| Exercise instructions |
With all images omitted, write out the records word for word.

| Extracted material |
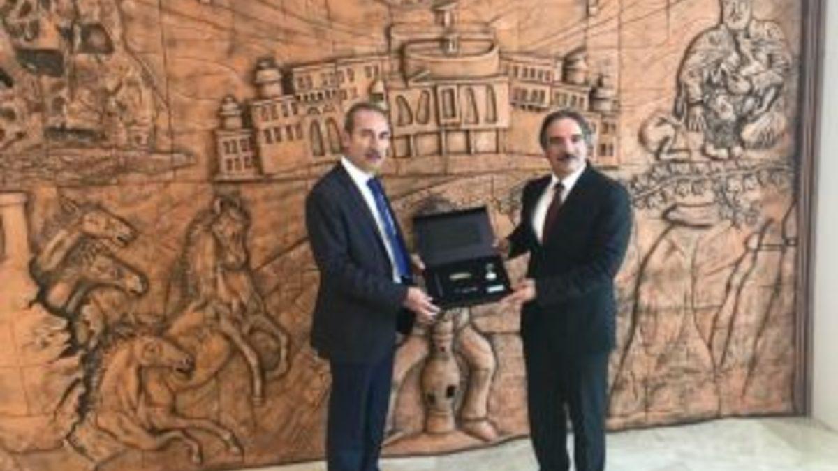Cumhuriyet Üniversitesi Rektörü Prof. Dr. Alim Yıldız, Nevşehir Hacı Bektaş Veli Üniversitesi (NEVÜ) Rektörü Prof. Dr. Mazhar Bağlı’yı ziyaret etti.11. Kalkınma Planı İç Anadolu Bölgesi İstişare Toplantısına katılmak üzere Nevşehir’e gelen Cumhuriyet Üniversitesi Rektörü Prof. Dr. Alim Yıldız, NEVÜ Rektörü Prof. Dr. Mazhar Bağlı’yı makamında ziyaret etti.Rektör Yıldız’a ziyaretlerinden duyduğu memnuniyeti dile getirerek teşekkür eden Rektör Bağlı, kendilerini Nevşehir’de ve üniversitede ağırlamaktan büyük mutluluk duyduklarını ifade etti.Rektör Bağlı ile bir süre görüşen, Şeref Defterine duygu ve düşüncelerini yazan Rektör Yıldız, üniversitenin modern yapılaşmasına hayranlığını dile getirerek ortaya koymuş olduğu başarılı çalışmaların kayda değer olduğunu belirtti.Rektör Bağlı ziyaret sonunda Rektör Yıldız’a günün anısına plaket takdiminde bulundu.
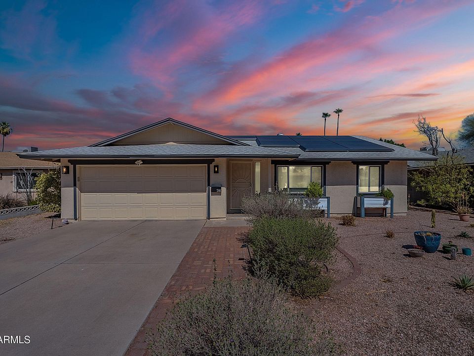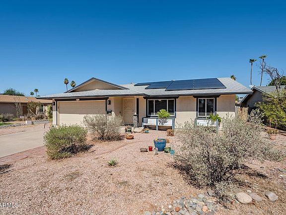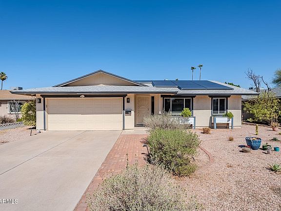 Move-In Ready Cozy Home in Tempe with no HOA! Features Tile w/updated Baseboards Throughout the Home no carpet.  3 Bedrooms all feature walk-in Closets, 2 Bathrooms w/Quartz Countertops. Kitchen has Upgraded Cabinetry, Granite Counters, Breakfast Bar, newer Appliances including Fridge, R/O System, Upright Freezer, Washer & Dryer, located in Pantry. Energy Efficient upgrades include Newer HVAC, Solar, Roof, Dual Pane Windows, Ceiling Fans, Invisible Screen Door, Added Insulation, Patio Cover Replaced & Exterior Painted 1 year ago. 2 Car Garage, Convenient EV Charger, Water Softener, Built-In Shelving, & Work Bench. Grassy Backyard, In-ground Wooden Chess Board, Raised Garden Planters, Composter & RV Gate to Alley. Walking Distance to EOS Gym & Kiwanis Park. Close to Tempe Town Lakes & ASU Summary of Home Features and Improvements:
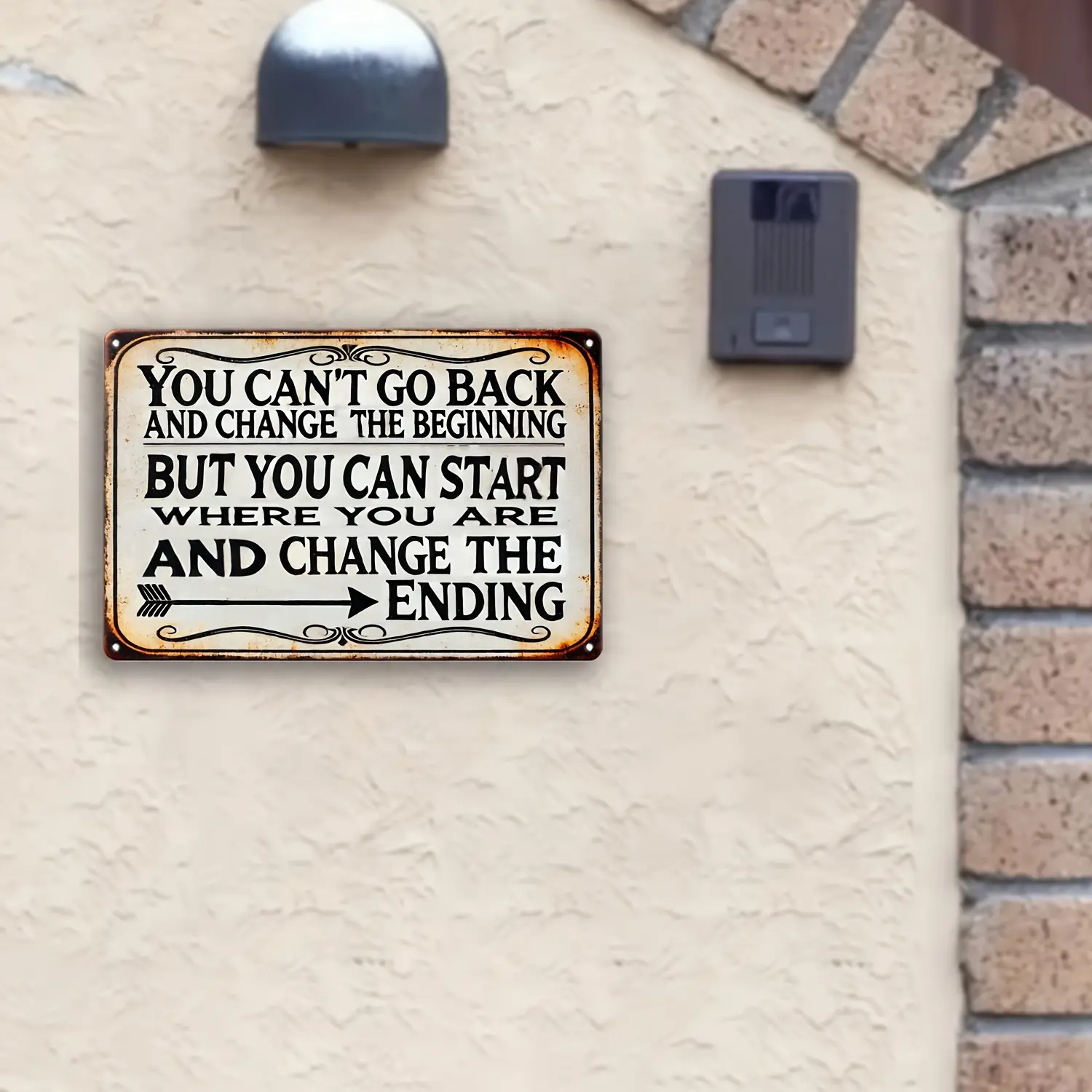 Motivational Metal Wall Decor Sign Inspirational Quote Plaque for Home Office with PreDrilled Holes Easy Hanging No Wiring Needed Waterproof Durable Business Cafe Garage Bathroom Decor Change Your Ending 2D Flat Art
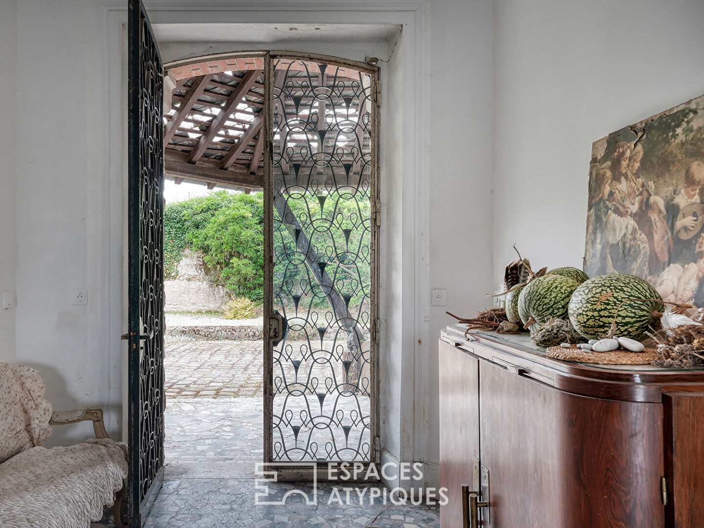 L’impressionnant hall d’entrée dévoile un sol en terrazzo de marbre ainsi que deux grandes portes vitrées, décorées de grilles en ferronnerie d’art datant de l’exposition universelle de Paris, l’une d’elles s’ouvrant sur la terrasse apportant profondeur et luminosité.
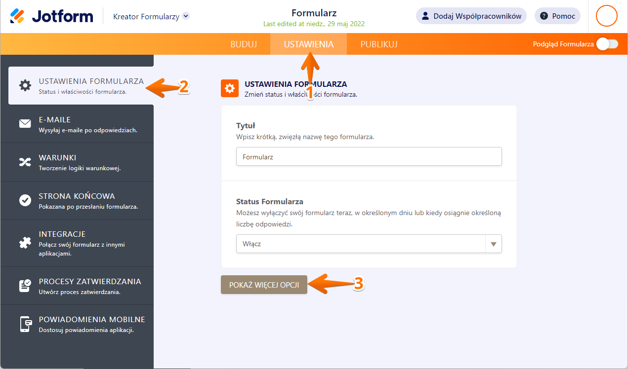 - Kliknij Ustawienia Formularza.
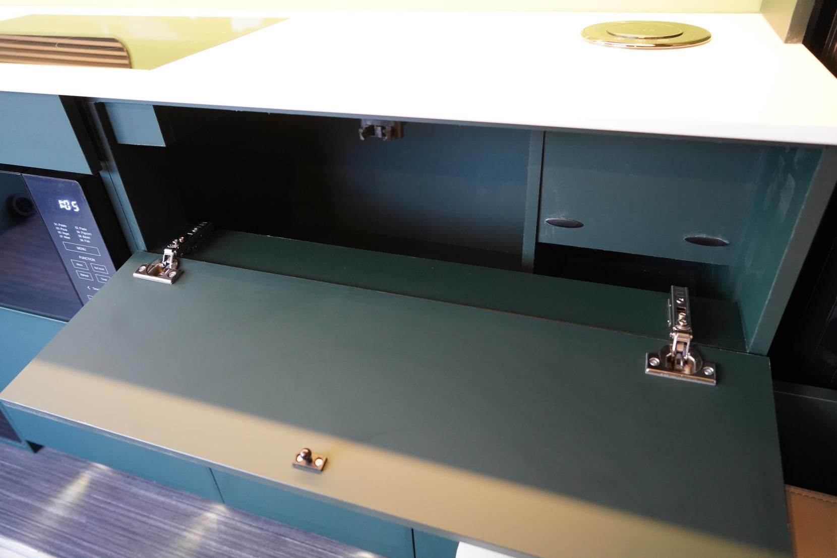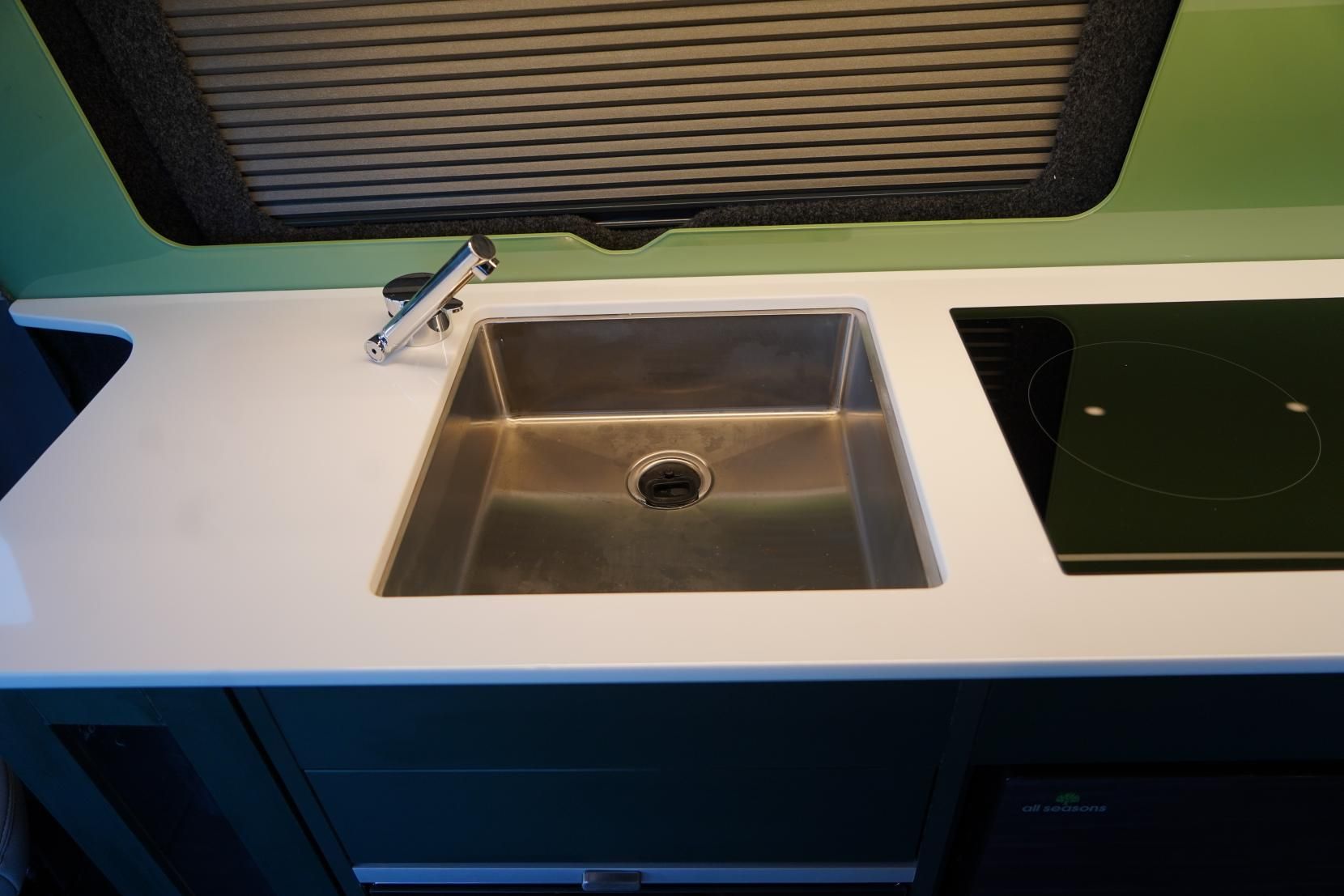 – Bespoke Corian worktop with built in sink cover & chopping board
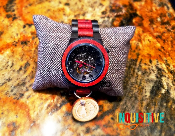 I knew immediately that the JORD Dover Series would be my Father’s Day gift. This series comes with three stunning wood options, but I kept coming back to the Ebony and Rosewood. The contrast between the dark ebony and crimson rosewood is immediately arresting. It’s eye-catching without being ostentatious. The watch face has a Steampunk quality I’m crazy about. The exposed mechanisms give the watch a modern, luxurious feel.
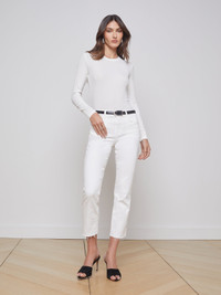 An essential cropped jean with an effortless, relaxed fit in clean white. High-rise, five-pocket design is cut from premium stretch denim that holds its shape while providing supreme comfort. Slim straight leg gently drapes to a raw hem. Style No. 2520ISK-BLAN DETAILS & FIT - Model Details: Height: 5'10" | Bust: 32" | Waist: 24'' | Hips: 34.5'' | Wearing Size 25 - Rise: 9.5" - Inseam: 26" - Leg Opening: 12.75" MATERIALS & CARE Composition - 93% Cotton, 6% Polyester, 1% Spandex - Made in Los Angeles Care - Machine wash
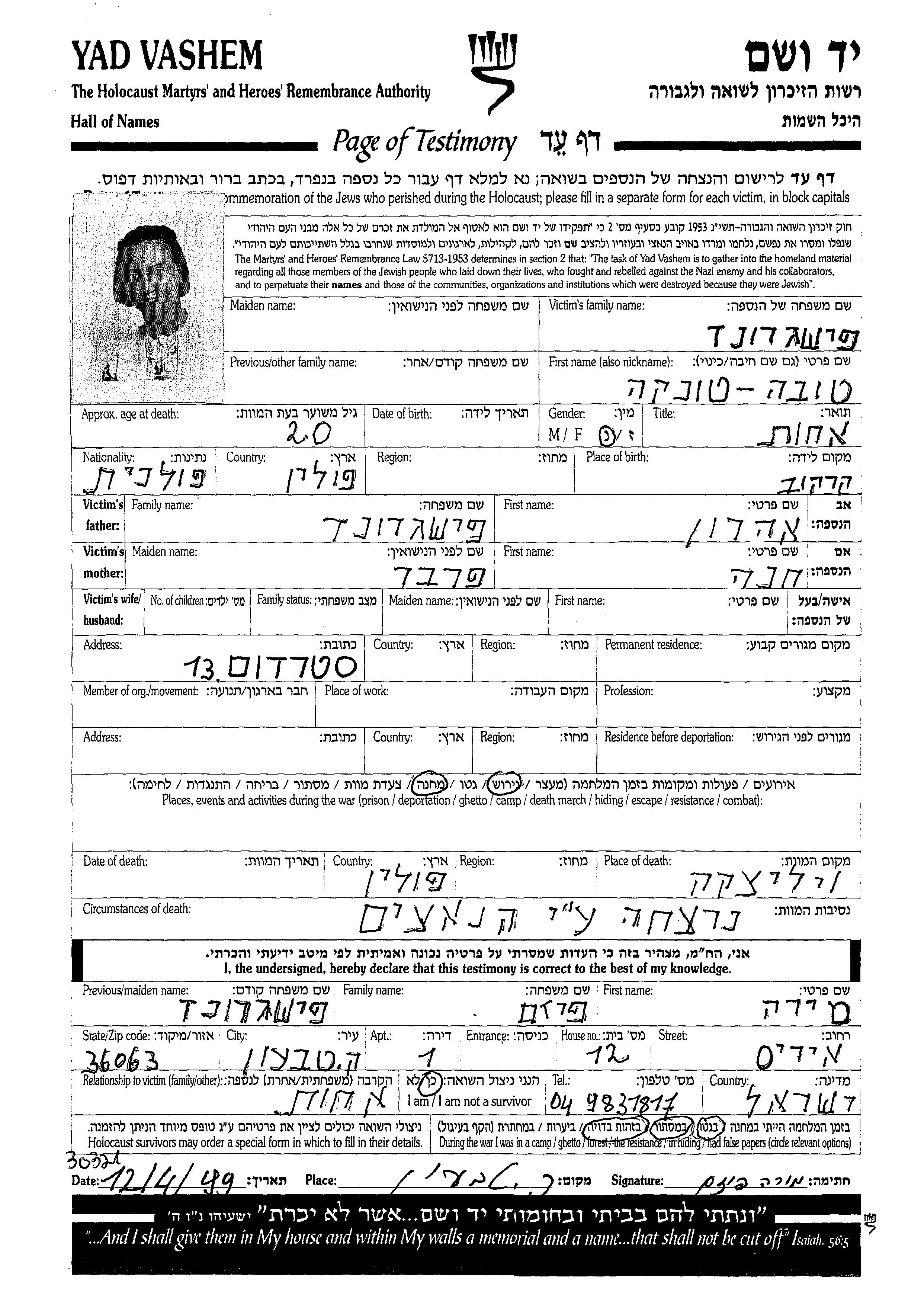 טובקה נרצחה בשואה. מקום המוות: Wieliczka שבפולין.

| Solution to the exercise |
Cumhuriyet Üniversitesi Rektörü Prof. Dr. Alim Yıldız, Nevşehir Hacı Bektaş Veli Üniversitesi (NEVÜ) Rektörü Prof. Dr. Mazhar Bağlı’yı ziyaret etti.11. Kalkınma Planı İç Anadolu Bölgesi İstişare Toplantısına katılmak üzere Nevşehir’e gelen Cumhuriyet Üniversitesi Rektörü Prof. Dr. Alim Yıldız, NEVÜ Rektörü Prof. Dr. Mazhar Bağlı’yı makamında ziyaret etti.Rektör Yıldız’a ziyaretlerinden duyduğu memnuniyeti dile getirerek teşekkür eden Rektör Bağlı, kendilerini Nevşehir’de ve üniversitede ağırlamaktan büyük mutluluk duyduklarını ifade etti.Rektör Bağlı ile bir süre görüşen, Şeref Defterine duygu ve düşüncelerini yazan Rektör Yıldız, üniversitenin modern yapılaşmasına hayranlığını dile getirerek ortaya koymuş olduğu başarılı çalışmaların kayda değer olduğunu belirtti.Rektör Bağlı ziyaret sonunda Rektör Yıldız’a günün anısına plaket takdiminde bulundu.
 Move-In Ready Cozy Home in Tempe with no HOA! Features Tile w/updated Baseboards Throughout the Home no carpet.  3 Bedrooms all feature walk-in Closets, 2 Bathrooms w/Quartz Countertops. Kitchen has Upgraded Cabinetry, Granite Counters, Breakfast Bar, newer Appliances including Fridge, R/O System, Upright Freezer, Washer & Dryer, located in Pantry. Energy Efficient upgrades include Newer HVAC, Solar, Roof, Dual Pane Windows, Ceiling Fans, Invisible Screen Door, Added Insulation, Patio Cover Replaced & Exterior Painted 1 year ago. 2 Car Garage, Convenient EV Charger, Water Softener, Built-In Shelving, & Work Bench. Grassy Backyard, In-ground Wooden Chess Board, Raised Garden Planters, Composter & RV Gate to Alley. Walking Distance to EOS Gym & Kiwanis Park. Close to Tempe Town Lakes & ASU Summary of Home Features and Improvements:
 Motivational Metal Wall Decor Sign Inspirational Quote Plaque for Home Office with PreDrilled Holes Easy Hanging No Wiring Needed Waterproof Durable Business Cafe Garage Bathroom Decor Change Your Ending 2D Flat Art
 L’impressionnant hall d’entrée dévoile un sol en terrazzo de marbre ainsi que deux grandes portes vitrées, décorées de grilles en ferronnerie d’art datant de l’exposition universelle de Paris, l’une d’elles s’ouvrant sur la terrasse apportant profondeur et luminosité.
 - Kliknij Ustawienia Formularza.
 – Bespoke Corian worktop with built in sink cover & chopping board
 I knew immediately that the JORD Dover Series would be my Father’s Day gift. This series comes with three stunning wood options, but I kept coming back to the Ebony and Rosewood. The contrast between the dark ebony and crimson rosewood is immediately arresting. It’s eye-catching without being ostentatious. The watch face has a Steampunk quality I’m crazy about. The exposed mechanisms give the watch a modern, luxurious feel.
 An essential cropped jean with an effortless, relaxed fit in clean white. High-rise, five-pocket design is cut from premium stretch denim that holds its shape while providing supreme comfort. Slim straight leg gently drapes to a raw hem. Style No. 2520ISK-BLAN DETAILS & FIT - Model Details: Height: 5'10" | Bust: 32" | Waist: 24'' | Hips: 34.5'' | Wearing Size 25 - Rise: 9.5" - Inseam: 26" - Leg Opening: 12.75" MATERIALS & CARE Composition - 93% Cotton, 6% Polyester, 1% Spandex - Made in Los Angeles Care - Machine wash
 טובקה נרצחה בשואה. מקום המוות: Wieliczka שבפולין.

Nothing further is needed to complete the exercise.